Astheim Charterhouse, also known as Marienbrück Charterhouse (Kloster or Kartause Astheim, also Kartause Marienbrück; Pons Mariae), was a Carthusian monastery, or charterhouse, in Astheim near Volkach in Kitzingen, Bavaria, Germany.

== History ==
The charterhouse was founded on June 2, 1409, by Erkinger von Seinsheim and his first wife, Anna von Bibra, as a place of burial for their family, a function which the monastery served for several centuries for Erkinger's descendants, the Barons and later Princes von Schwarzenberg. Erkinger, his second wife Barbara von Abensberg, and Anna's sons Michael and Hermann renewed and confirmed the charterhouse in 1434.

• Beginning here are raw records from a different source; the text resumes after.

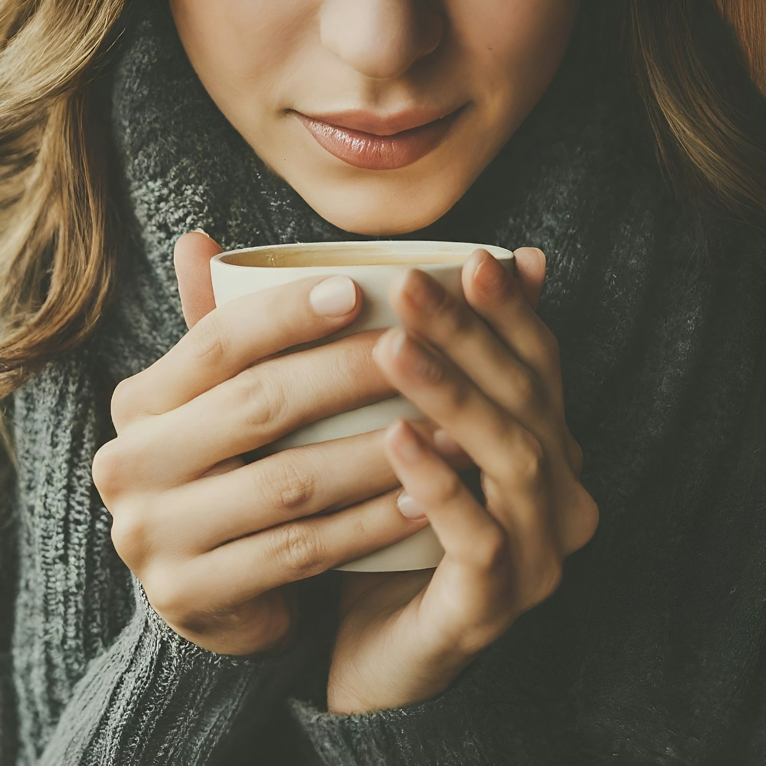 Close-up of a person holding a warm coffee cup, wearing a cozy gray sweater. Warm and inviting atmosphere.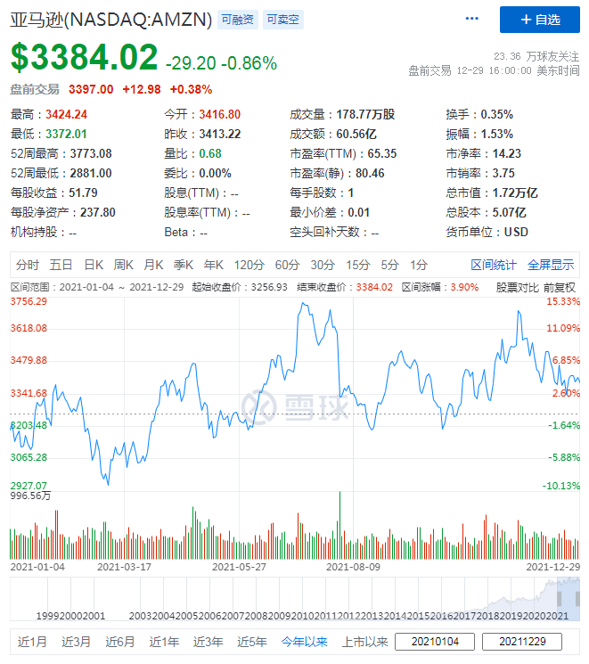 2021年不是亚马逊的光辉之年,AWS宕机、工人控诉亚马逊压榨、飞涨的国际物流成本和人工成本、为物流和网络进行的大规模投资、反垄断......在这些因素之下,今年以来,亚马逊股价仅仅增长了3.9%。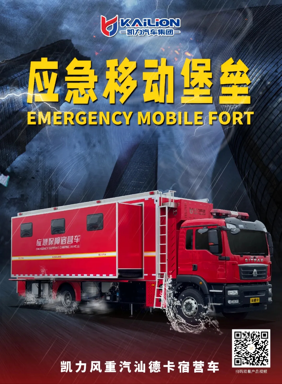 凱力風牌重汽汕德卡應急保障宿營車,是一款集機動性、生活保障與應急功能于一體的大型野外“移動營地”,具有強動力、高通過性、極致舒適與高安全性等特點。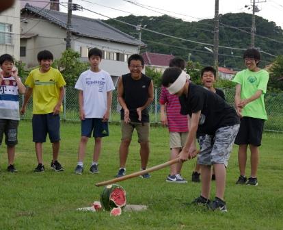 砂浜でスイカ割り、海の家の中庭で行ったクラスも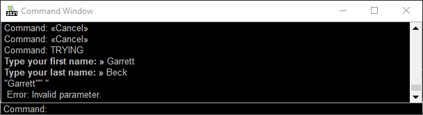 ;; User Interaction (setq sfName (getstring "\\nType your first name: ")) (setq slName (getstring "\\nType your last name: "))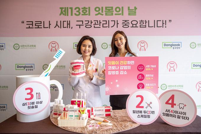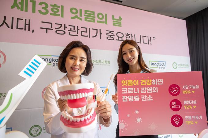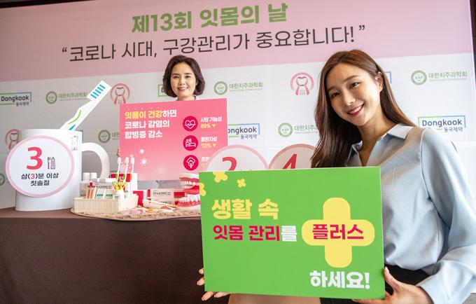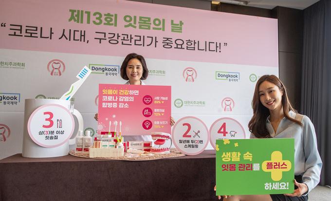 제13회 잇몸의 날을 하루 앞둔 23일 오전 서울 중구 더플라자 호텔에서 대한치주과학회와 동국제약이 '코로나 시대, 구강관리가 중요합니다'라는 주제로 캠페인을 하고 있다.

It was settled by Carthusian monks from Cologne Charterhouse. It was dissolved in 1803 in the secularisation of Bavaria.

In 1804 the buildings passed into the ownership of the Princes of Schwarzenberg, descendants of the founder. Although most buildings were demolished, the church, built 1603–09, and the prior's lodging with a chapel of St. John (1583) remain extant. The church contains a Late Baroque high altar of 1723–24 with an altarpiece depicting Saint Bruno of Cologne (founder of the Carthusian Order) and the Virgin Mary by Oswald Onghers, and choir stalls of 1606, with Baroque fittings added in 1724.

Today the surviving buildings on the site accommodate the archives of the town of Volkach and from 1999 a museum, the Kartausenmuseum Astheim, run by the Diocese of Würzburg, specialising in Christian graphic art, on which theme it has about 600 exhibits.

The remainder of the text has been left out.